Over the past couple weeks, it has been really difficult to find the time, energy, and desire to write. I’ve been spending so much of my time sleeping or watching shows on Netflix and I’ve been feeling like I’ve been regressing back to my low point over a year ago. There are so many things that I want to write about and engage with but being able to actually do that? Usually very difficult.
I wish that depression was an easy fix, that I had the desire to do the things I love. Most of my days blend together, with me spending a ridiculous amount of time laying in bed because getting out of bed is difficult. Marathoning television shows is one of the few things that I regularly do.
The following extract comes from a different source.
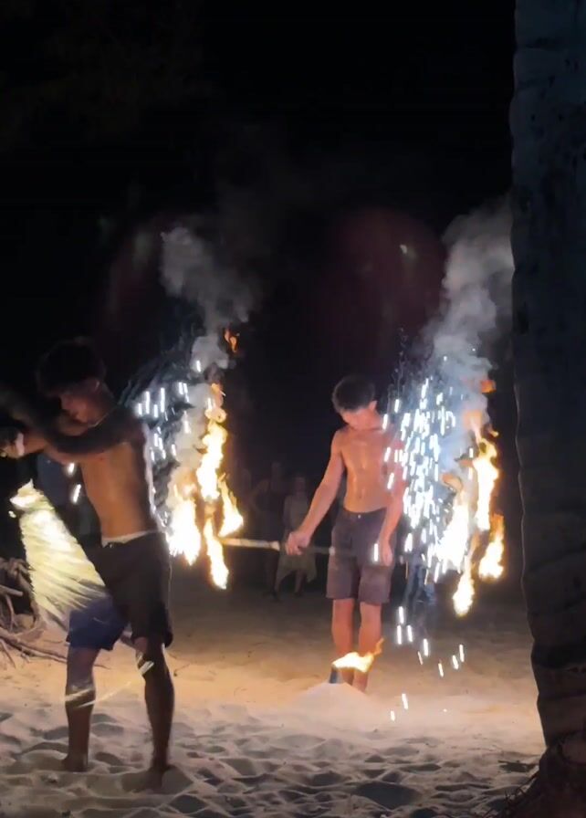 At night, on a sandy beach, two shirtless young men perform a fire dance. The man on the right twirls a horizontal bar with flames on each end, creating sparks, while the man on the left spins a flaming club. Other individuals can be seen watching in the background. A large palm tree frames the right side of the scene. A burning piece of wood lies on the ground. Electronic music plays.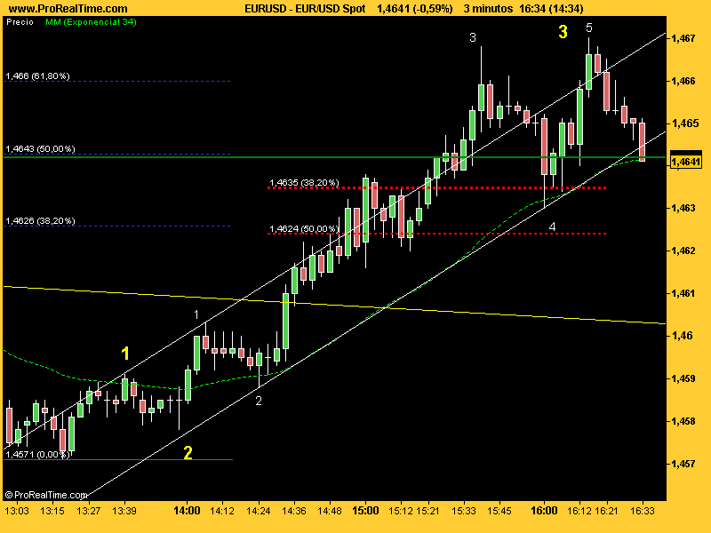 Sobre la pregunta del millón yo lo que veo es que hay un impulso desde el mínimo y eso significa que va a retroceder bastante. Me da que esta salida es la buena. La línea 2-4 que ha de romper está clara...al loro y parriba. Siguiendo con el rollete de la aceleración este retroceso parece más rápido que ninguno en toda la bajada con lo que tengo que pensar que es de mayor grado que los anteriores. Ha rebotao 100 pips en un momento. Yo me subo en el burro a la mínima que retroceda.

Hyperbole and a Half’s Adventures in Depression is a great representation for so much of my experiences with depression. Getting up and doing things is so difficult sometimes and nothing seems to motivate me to get many things accomplished. Allie (the author of Hyperbole and a Half) wrote about one experience that I’ve gone through many times:
I spent months shut in my house, surfing the internet on top of a pile of my own dirty laundry which I set on the couch for “just a second” because I experienced a sudden moment of apathy on my way to the washer and couldn’t continue. And then, two weeks later, I still hadn’t completed that journey. But who cares – it wasn’t like I had been showering regularly and sitting on a pile of clothes isn’t necessarily uncomfortable. But even if it was, I couldn’t feel anything through the self hatred anyway, so it didn’t matter. JUST LIKE EVERYTHING ELSE.